🤖 AI Summary
This study addresses the preoperative prediction of volumetric response in patients with skull base meningiomas following CyberKnife stereotactic radiosurgery. To achieve this, the authors integrate preoperative MRI-based radiomic features with clinical variables and develop six machine learning models, employing nested cross-validation to mitigate challenges posed by small sample sizes and high-dimensional data. Innovatively, tumor volume response is adopted as the primary efficacy endpoint instead of conventional progression-free survival. Among the evaluated models, TabPFN demonstrates superior performance with an AUC of 0.81 and consistently robust classification metrics, underscoring the method’s predictive validity and clinical potential even under data-limited conditions.
📝 Abstract
Skull-base meningiomas are often characterized by favorable long-term prognosis, yet their anatomical complexity and proximity to critical neurovascular structures make treatment selection challenging. Stereotactic radiosurgery with CyberKnife represents an effective therapeutic option when surgical resection is not feasible; however, not all patients benefit equally from this treatment. Early identification of patients likely to respond to radiosurgery remains an open clinical problem. In this study, we propose a radiomics- and clinical feature-driven framework for predicting volumetric response in skull-base meningiomas treated with CyberKnife. Unlike most existing approaches that focus on progression-free survival or recurrence, our method targets volumetric response as an indicator of treatment efficacy.
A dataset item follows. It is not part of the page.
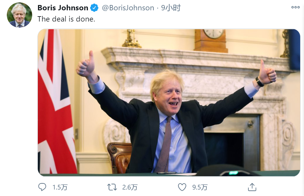 鮑里斯·約翰遜激動地在他的推特賬號寫道:“搞定”,並置頂了該推。

Pre-treatment MRI images from 104 patients were processed to extract radiomic features, which were combined with clinical variables and analyzed using six models. To ensure methodological rigor, the entire modeling process was implemented within a nested cross-validation scheme. Among the evaluated models, TabPFN achieved the best overall performance, with an AUC of 0.81 and consistently favorable classification metrics. These results suggest that advanced machine learning architectures, when combined with robust validation strategies, can effectively capture patterns associated with treatment response even in small-sample, high-dimensional settings.